Spectacular Brooding

Harmony Holiday

About

Opening Reception: April 11 at 6 PM RSVP

Harmony Holiday: Spectacular Brooding investigates the spectacles and secrets of black grief. Considering the tension between private ritual and public display within this tradition, the Los Angeles-based artist’s exhibition considers what she calls the “Black Backstage” as a zone of sacred privacy that makes the spectacularization of performance bearable. In contrast to commercial reproduction of music, dance, and film that distorts black artistry, Harmony positions the home and the studio as intimate spaces of black creative life. 

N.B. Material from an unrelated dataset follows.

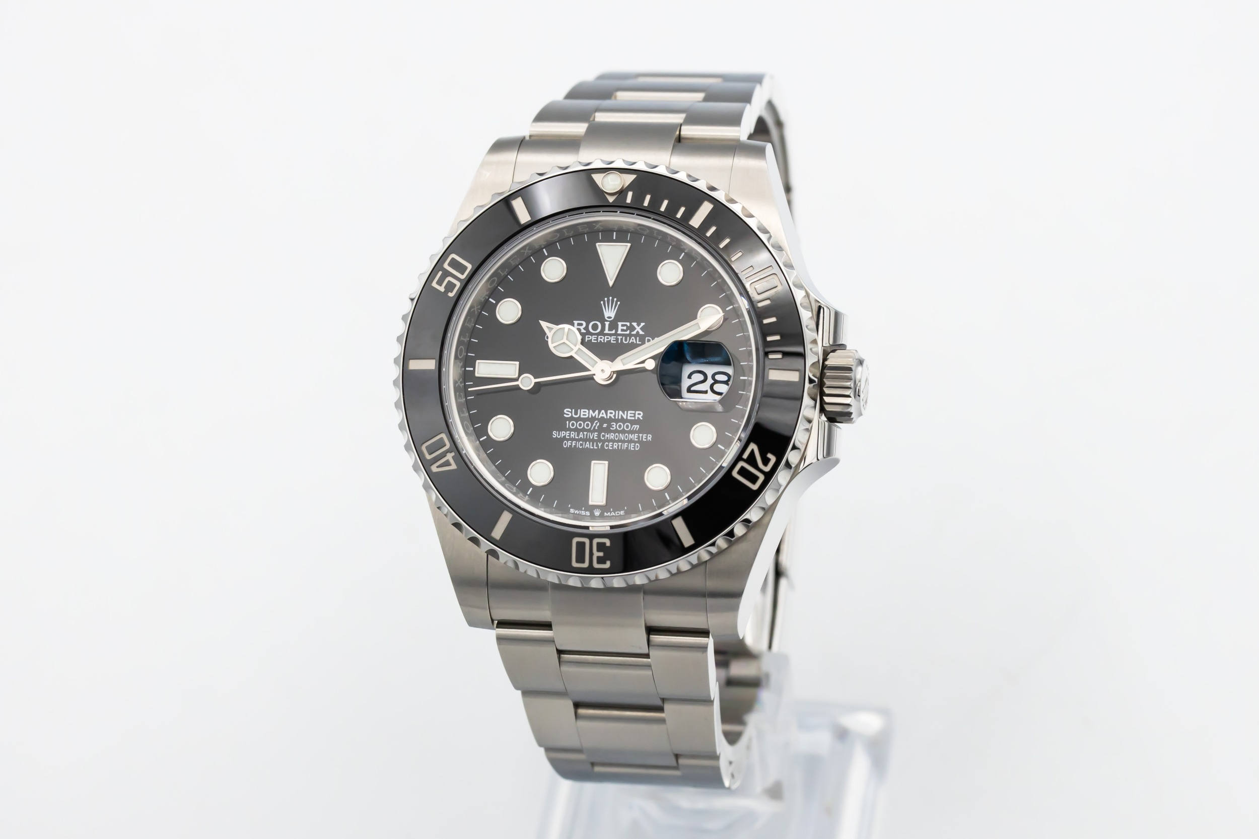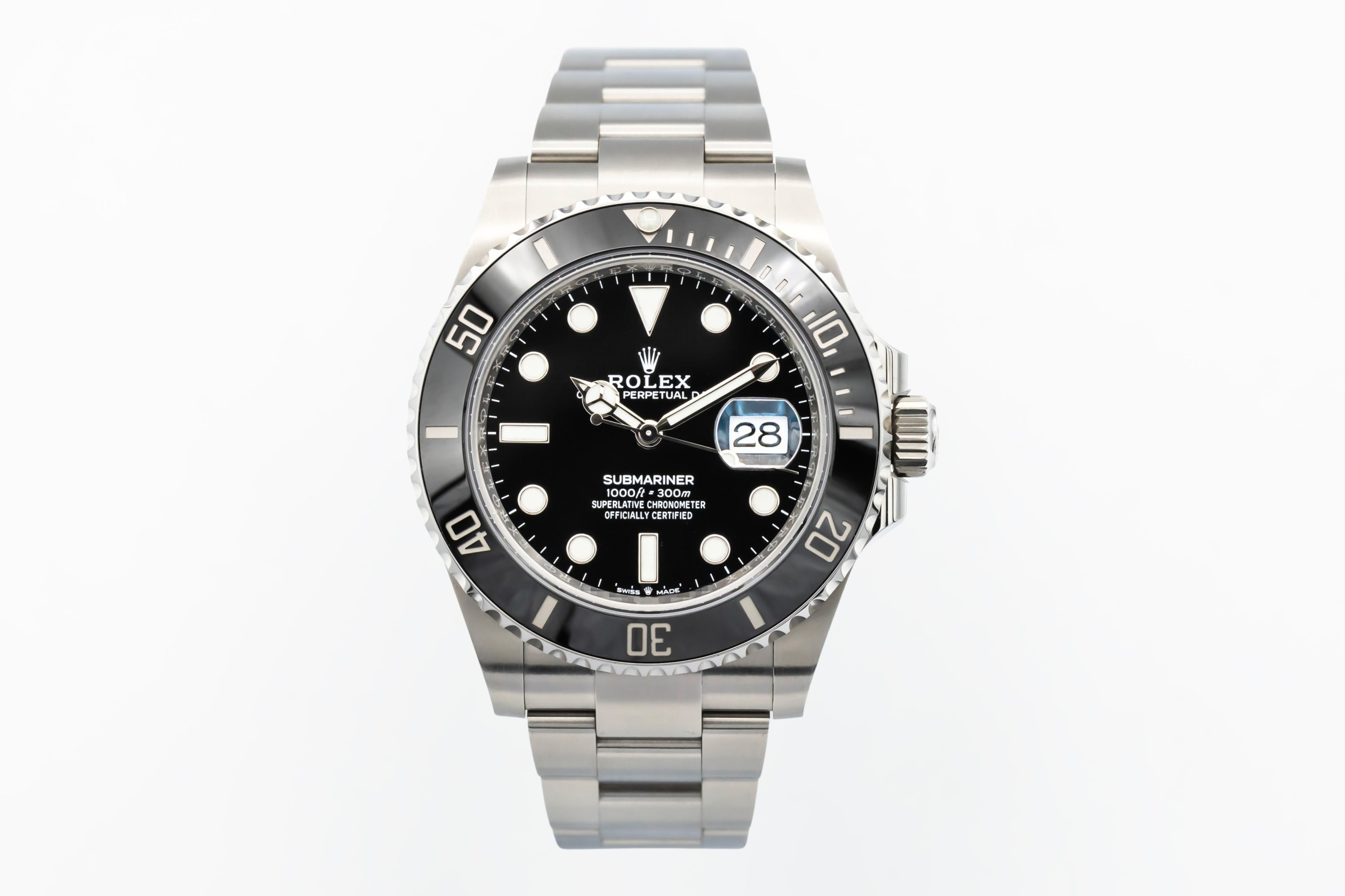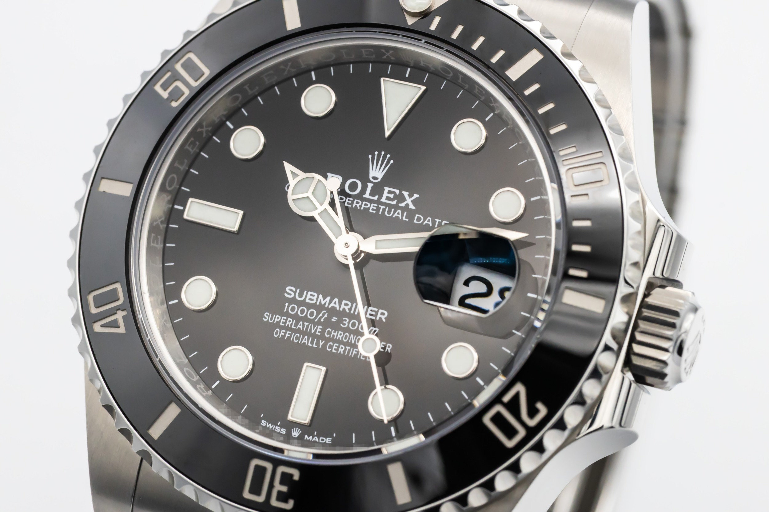 This unworn 2024 Rolex Submariner Date 41mm is a legendary luxury dive watch crafted entirely from stainless steel. The black dial features luminous hour markers and the iconic Mercedes hands for exceptional underwater legibility, paired with a black Cerachrom ceramic bezel designed for precise dive timing. Finished on the robust stainless steel Oyster bracelet with a secure Oysterlock clasp.

The exhibition divides the gallery into two spaces: the dance studio and the cutting room. In the studio, Holiday will rehearse live and record her preparatory process towards the performance of a solo dance, which marks a return to live dance performance for the first time in decades. Holiday’s choreography will consider iconic expressions of black grieving in choreography by Alvin Ailey, Judith Jamison, Bill T. Jones, Katherine Dunham, and Robert Battle, as well as gestures of black performance and everyday life in digital culture. A mourner’s bench will provide a place of solitude and public memorial, inviting people to listen to oral histories and to engage with Holiday’s own writing. In the cutting room, Holiday will screen an excerpt of a new film that considers these themes through a documentary of a living artist.

 

about the artist

Harmony Holiday is a writer and interdisciplinary artist working across dance, film, music and archives of black culture. She is the author of 5 collections of poetry including Hollywood Forever (2022) and Maafa (2025). She curates a standing archive space for griot poetics and a related performance and events series at the Los angeles music and archive venue 2220arts. Holiday is a staff writer for LA Times Image and 4Columns and has had featured writing in The New Yorker, Bookforum, Harper’s Magazine, The Paris Review, and The Drift, among others. Her first solo exhibition, Black Backstage, exploring the aspects of black performance culture that cannot be spectacularized through film and sound sculpture, was presented at The Kitchen in New York in 2024. Holiday won a 2025 Creative Capital Award and has received fellowships from The Poetry Foundation, Silver’s Foundation, The Rabkin Foundation, and the Schomburg Center for Research in Black Culture, among other awards for her writing. Holiday is currently working on a biography of Abbey Lincoln for Yale University Press, a book of memoir and music criticism, and her next collection of poems, among other writing, film, and curatorial projects.